To generate multiplex immunostainings, 2-µm sections were deparaffinized and subjected to antigen retrieval (citrate buffer pH 6.0). To prevent myelin autofluorescence, slides were treated with 4.5% H2O2 and 20 mM NaOH in PBS under a light-emitting diode for 45 min twice at room temperature. Nonspecific binding was blocked with 2.5% goat serum in PBS, and samples were incubated overnight with rabbit anti-CD4 (Cell Signaling). Signals were detected with anti-rabbit horseradish peroxidase (Dako, K4003) with amplification (TSA vivid 520, Tocris, 7534). Following denaturation (Discovery Roche, CC2), slides were blocked with Fab fragment anti-mouse IgG (Jackson Immunoresearch) and 2.5% goat serum in PBS and incubated with rat anti-Foxp3 (eBioscience) overnight. Signals were detected with anti-rat horseradish peroxidase (Vectorlab) with amplification (TSA vivid 570, Tocris, 7535). Nuclei were stained with DAPI (Invitrogen), and slides were mounted in Fluoromount aqueous mounting medium (Sigma-Aldrich, F4680). Immunostained sections were scanned using an Akoya PhenoImager HT 2.0 (Akoya Biosciences).
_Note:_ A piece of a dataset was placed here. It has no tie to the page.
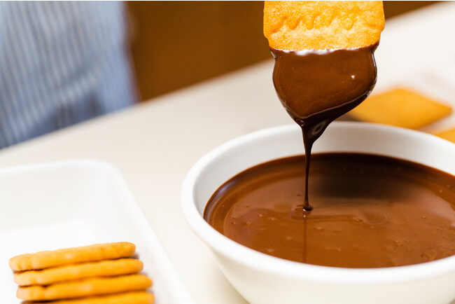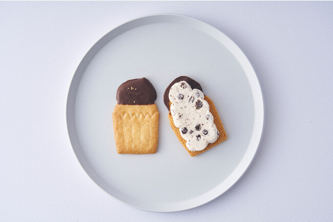 生クリーム入りのバタークリームに紅茶漬けのレーズンを合わせ、ダークチョコレートをかけたビスケットで挟みました。冷んやりとろけるクリームにフルーティーな紅茶レーズンが相まって、まるでミルクティーのような味わい。リピートしたくなるおいしさに評判があり、発売以来大人気のお菓子です。

For cryosections, brains were fixed in 4% PFA at 4 °C for 48 h and subjected to a 30% sucrose gradient for 48 h. Ten-micron cryosections (CM3050 S, Leica) were subjected to immunofluorescence stainings. The antibody details are listed in Supplementary Table 4. Images were acquired on an SP8 confocal microscope (Leica) and analyzed using LAS X software (v.3.5.6.21594, Leica).

Statistical analysis

Statistical analyses were performed using Prism 10 (GraphPad) or R (v4.4.0). No statistical methods were used to predetermine sample sizes, but our sample sizes were similar to those reported in previous publications54. Data distribution was assumed to be normal, but this was not always formally tested. In any case, individual data points are provided in the figures. Significance of the differences between two groups was evaluated using two-tailed Student’s t-tests. Differences among three or more groups were analyzed using a one-way or two-way ANOVA with a Tukey’s HSD post hoc test, and results are presented as mean values + s.d. Adjusted P values from DEGs were derived from DESeq2 using a two-tailed Wald’s test with correction for multiple testing using the Benjamini and Hochberg method. Unless stated otherwise in the figure legend, animals were assigned to experimental groups in an age- and sex-matched manner. Scoring of EAE was performed in a manner blinded to the experimental conditions. Unless otherwise stated in the figure legends, all animals were included in the analysis. The significance of differences in clinical scores was determined using two-way ANOVA with a Tukey’s post hoc test, and the results are presented as mean values + s.e.m. The significance of the survival rate was analyzed with a Mantel–Cox test. The individual sample sizes and statistical methods are provided in the figure legends. The individual P or adjusted P values are indicated in the figures.

Reporting summary

Further information on research design is available in the Nature Portfolio Reporting Summary linked to this article.